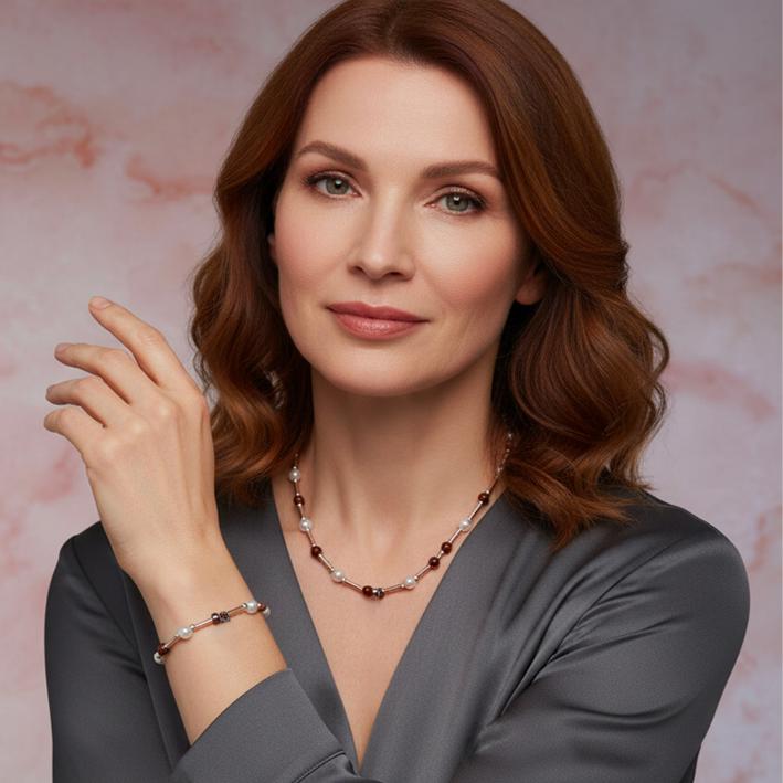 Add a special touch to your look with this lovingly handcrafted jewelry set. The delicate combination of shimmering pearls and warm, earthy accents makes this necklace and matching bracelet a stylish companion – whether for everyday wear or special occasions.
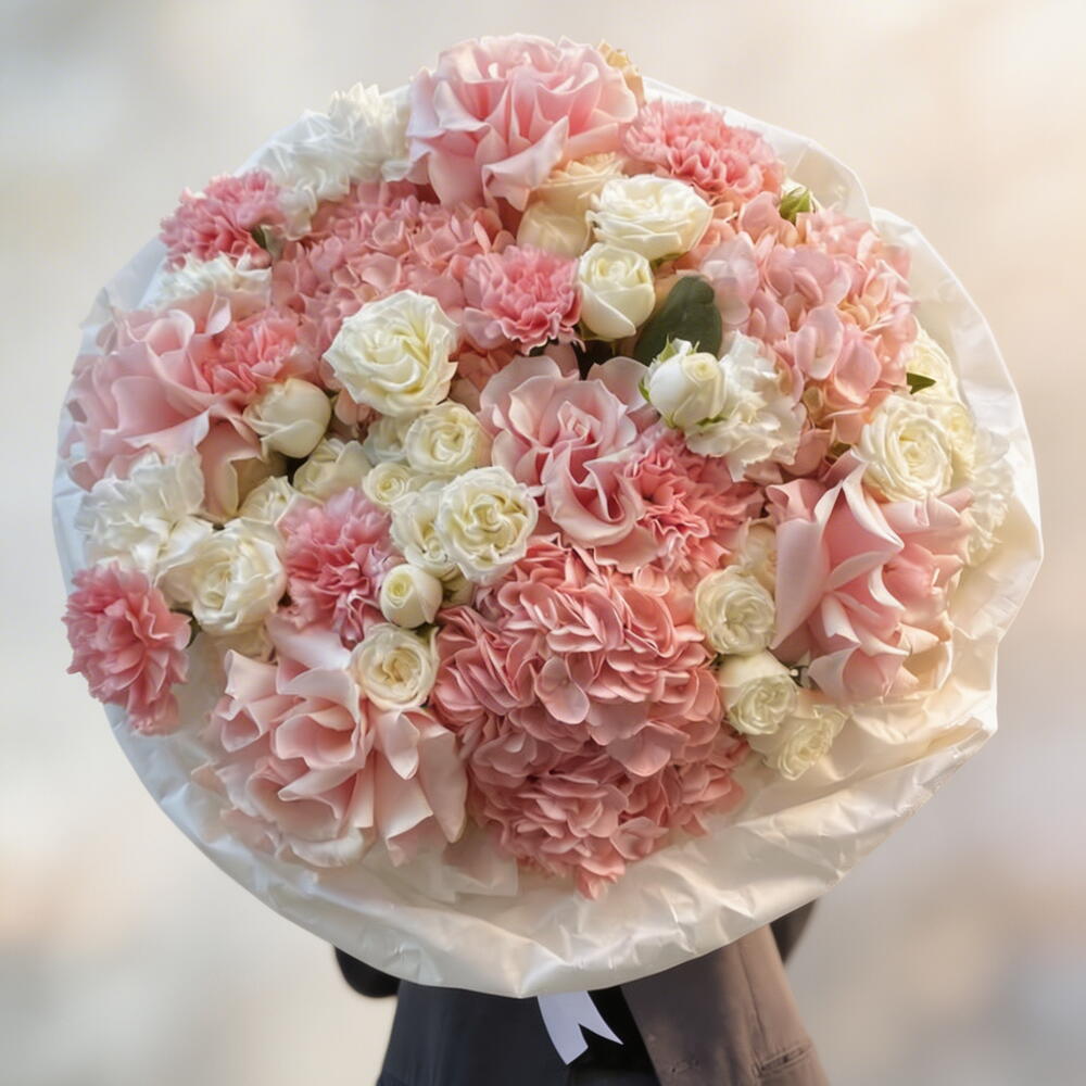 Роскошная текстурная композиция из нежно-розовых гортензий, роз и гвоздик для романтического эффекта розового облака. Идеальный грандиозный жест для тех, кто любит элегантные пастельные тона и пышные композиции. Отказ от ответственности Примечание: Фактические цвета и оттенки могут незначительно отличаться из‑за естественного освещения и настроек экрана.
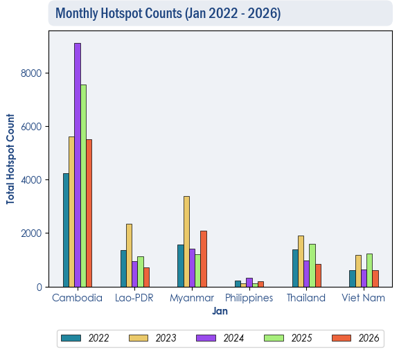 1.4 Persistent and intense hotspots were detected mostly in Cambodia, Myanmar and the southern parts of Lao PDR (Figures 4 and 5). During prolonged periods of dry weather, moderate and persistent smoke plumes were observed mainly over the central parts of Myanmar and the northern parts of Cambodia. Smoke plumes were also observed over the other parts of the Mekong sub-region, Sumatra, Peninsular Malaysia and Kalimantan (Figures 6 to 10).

**TASK DETAILS**
Would you copy each line above exactly as given, dropping any images?

**ANSWER BELOW**
 Add a special touch to your look with this lovingly handcrafted jewelry set. The delicate combination of shimmering pearls and warm, earthy accents makes this necklace and matching bracelet a stylish companion – whether for everyday wear or special occasions.
 Роскошная текстурная композиция из нежно-розовых гортензий, роз и гвоздик для романтического эффекта розового облака. Идеальный грандиозный жест для тех, кто любит элегантные пастельные тона и пышные композиции. Отказ от ответственности Примечание: Фактические цвета и оттенки могут незначительно отличаться из‑за естественного освещения и настроек экрана.
 1.4 Persistent and intense hotspots were detected mostly in Cambodia, Myanmar and the southern parts of Lao PDR (Figures 4 and 5). During prolonged periods of dry weather, moderate and persistent smoke plumes were observed mainly over the central parts of Myanmar and the northern parts of Cambodia. Smoke plumes were also observed over the other parts of the Mekong sub-region, Sumatra, Peninsular Malaysia and Kalimantan (Figures 6 to 10).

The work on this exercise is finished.